Investment banks are expert firms working in the financial market. Here traders, analysts, brokers, and corporate bankers, work with stocks, complementing each other in terms of expertise. The new book ’Marketing Shares, Sharing Markets’ explains how these financial experts interact in various ways to enact financial markets.
The book is a product of a research project led by Karin Winroth, a business scholar at Södertörn University, including also Hans Kjellberg and Jesper Blomberg, both Associate Professors at the Stockholm School of Economics.
Several overlapping Markets are called ‘the Financial Market’
Karin Winroth explains that the various experts who participate in the stock market or its auxiliary services, perceive of corporate shares in various ways depending on their professional tasks.
What in everyday language is referred to as ‘the financial market’ is actually several different markets that partially overlap. This can for instance be the primary and secondary stock market, currency markets, and bond markets. Depending on what the experts work with, they will refer to different parts of these markets in their discussions and recommendations.
When the media report on the financial markets there are thus different stories presented depending on whether they are talking with an analyst, a trader, a broker or a corporate banker.
It’s not surprising that the functioning of financial markets are hard to grasp, as these different experts will refer to various parts when commenting upon the markets.

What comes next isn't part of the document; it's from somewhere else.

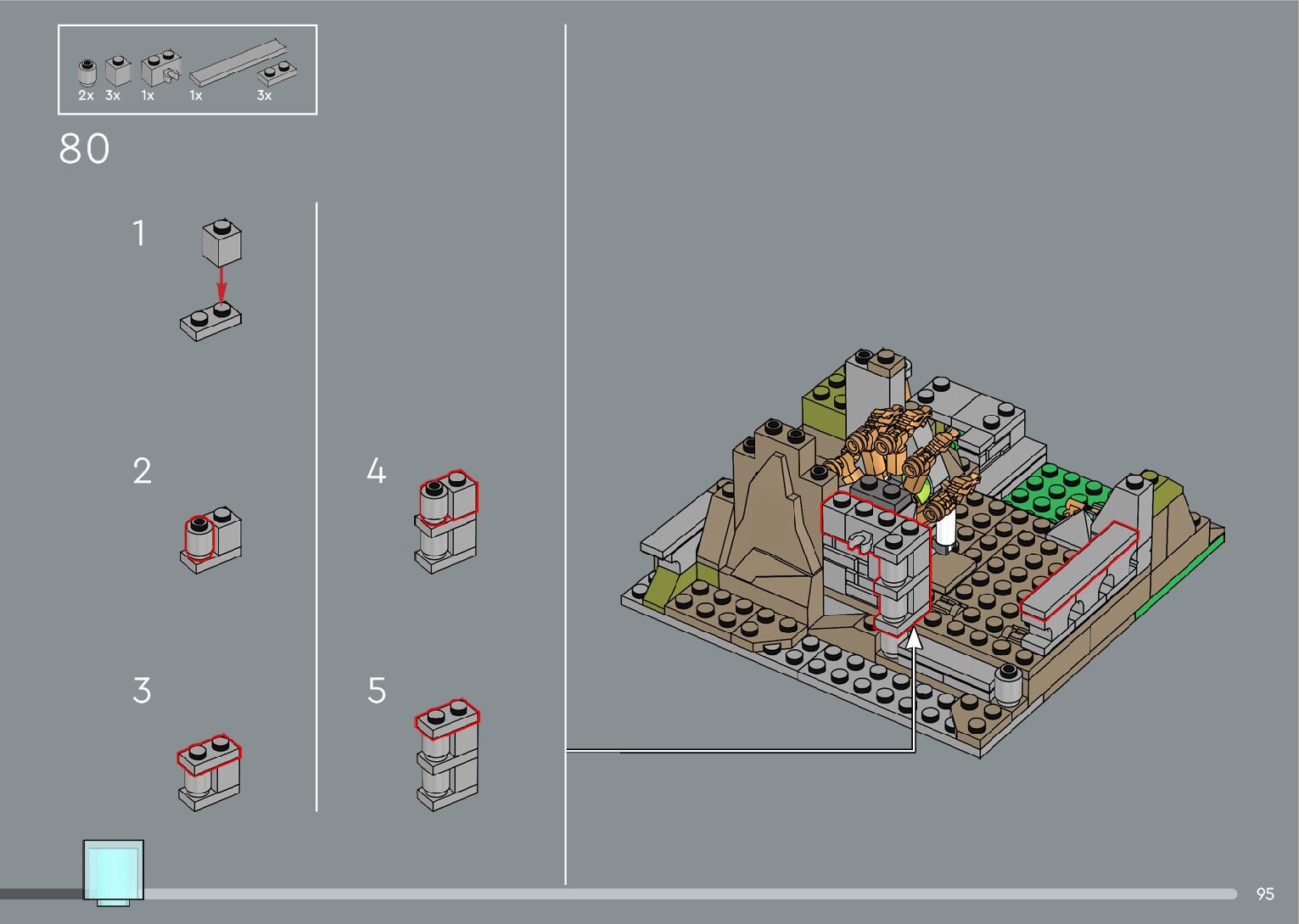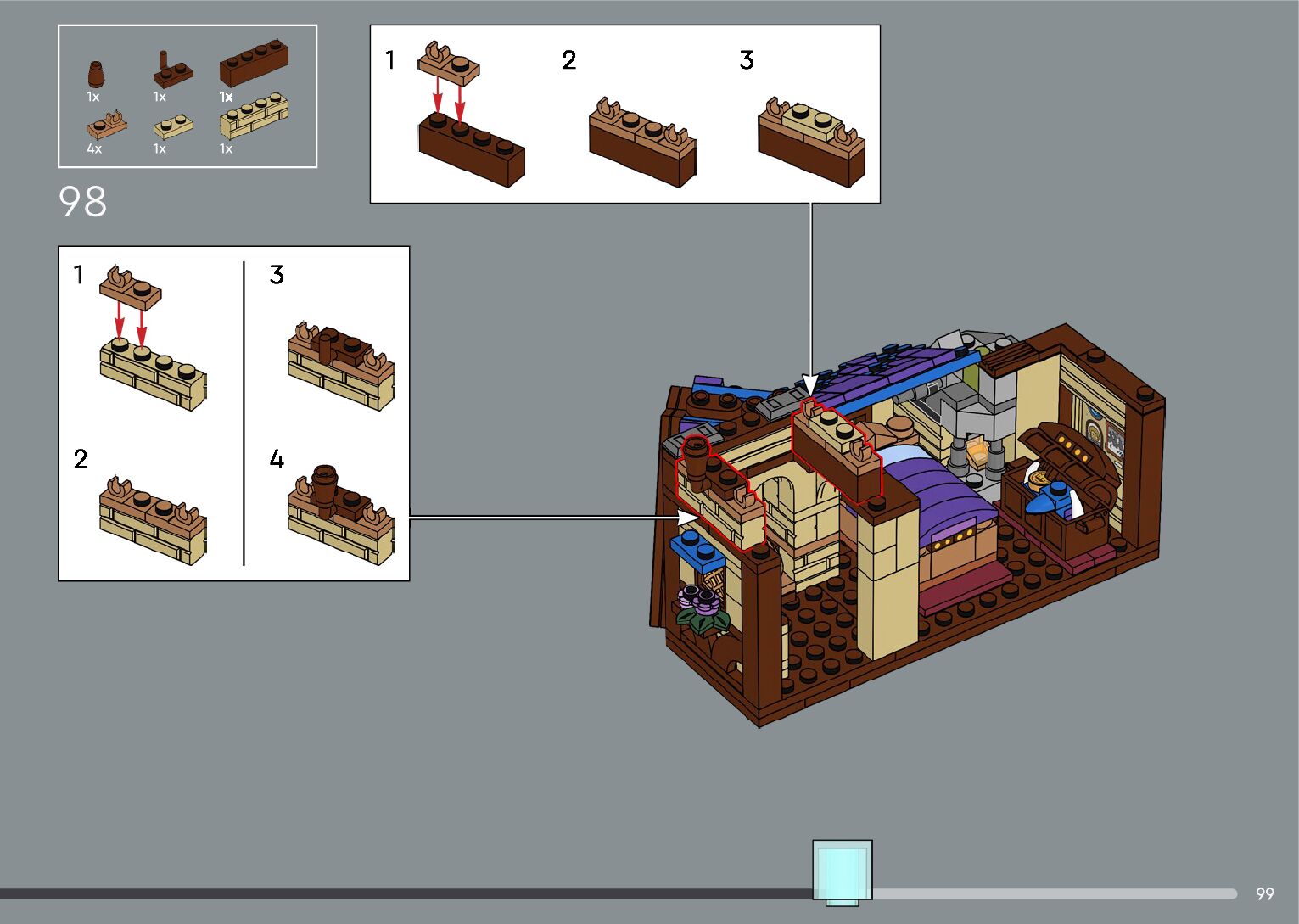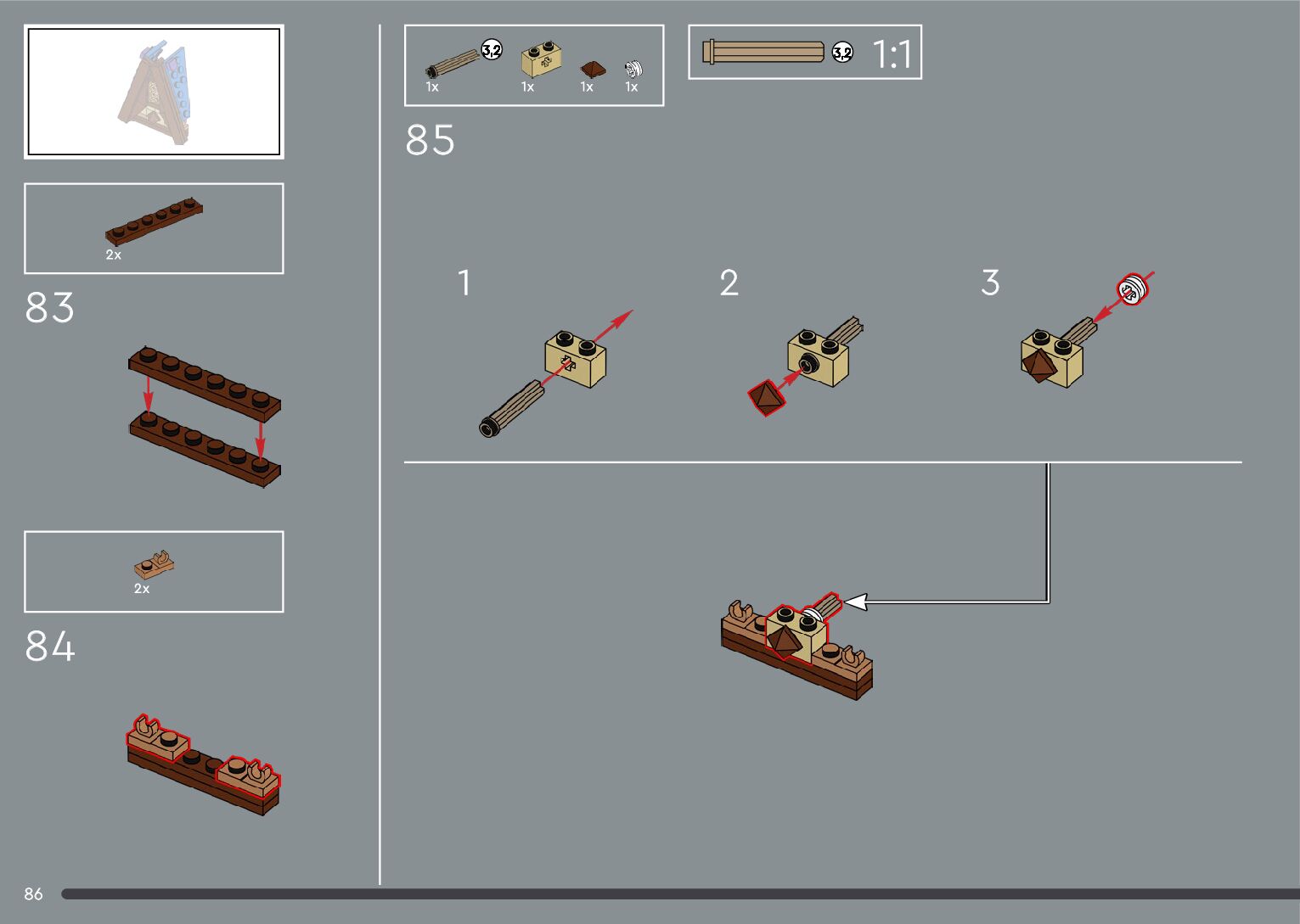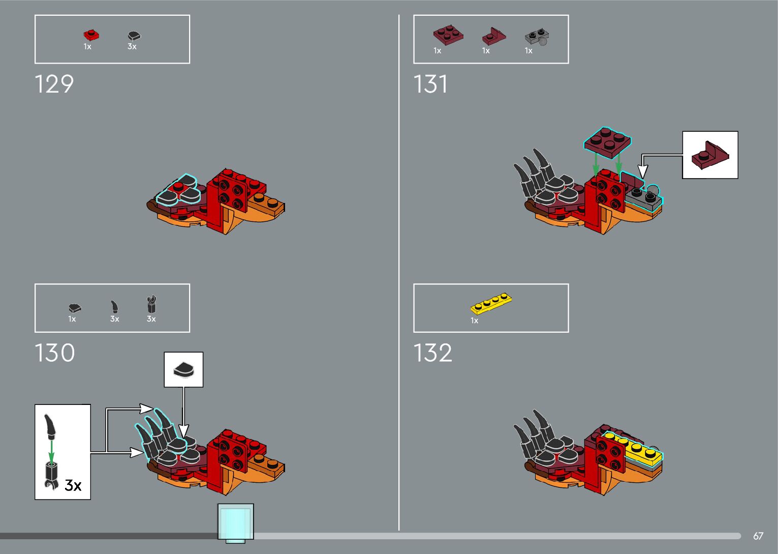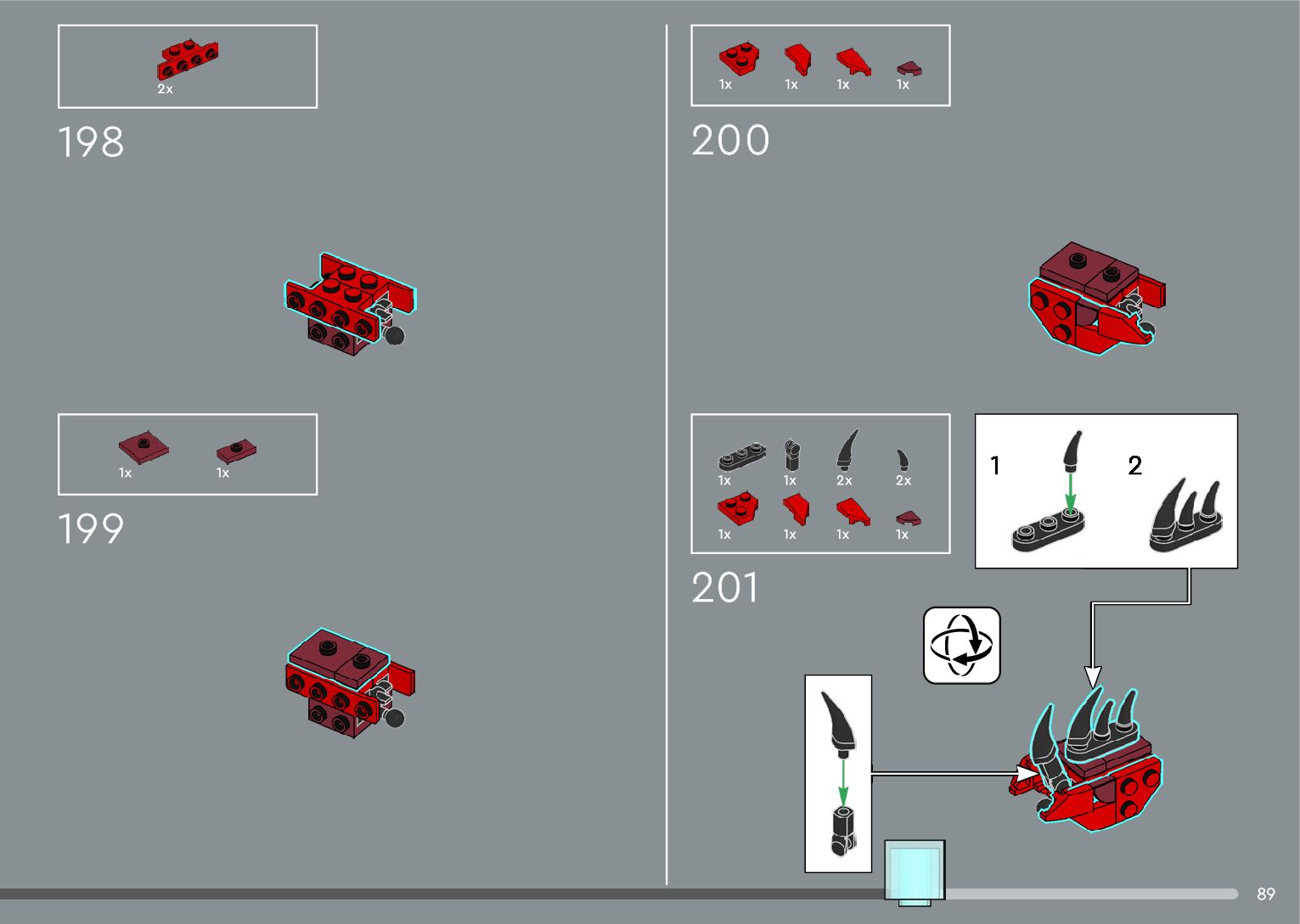 The assembly guide is prepared in a very understandable way for children and adult LEGO enthusiasts. A total of 556 picture galleries are shown, explaining the step-by-step construction stages for 4 different structures.

The new book is intended to illuminate how the practices of the experts’ contribute to how financial markets are shaped and are understood. Whether actors within the markets take interest in such information probably varies.
– The actors in financial markets can in some respects benefit from a fuzzy conception of the markets, says Karin Winroth. This makes it easier to blame the ‘invisible hand’ of the market, and they can thereby avoid taking full responsibility for activities that they participate in.
The new book introduces the reader to the financial world. It focuses on stocks, stock markets and the experts working within these markets. It describes in everyday terms the various practices of the expert work involved in what is called investment banking and how this section of the ‘financial machinery’ functions. The analyses focus upon the consequences these practices have for investment banks, investors, and corporations.
The book follows the route of a share through the system, which provides an understanding of what the various experts do. The practice of each expert group is presented in separate chapters and analyzed. This is followed by one chapter analyzing the interplay of the experts and a final chapter presenting the experts contribution in the enactment of the financial markets.
The authors have interviewed several people with experience from Swedish and international investment banks. As the practices of investment banking are international, the findings of the project are relevant globally.
The comprehensive data presented in the book is unique. It is moreover unusual to find studies that cover all four expert groups involved in investment banking and their interaction.
The research project “Organizing the Multi-Professional Market Maker” is funded by the Bank of Sweden Tercentenary Fund.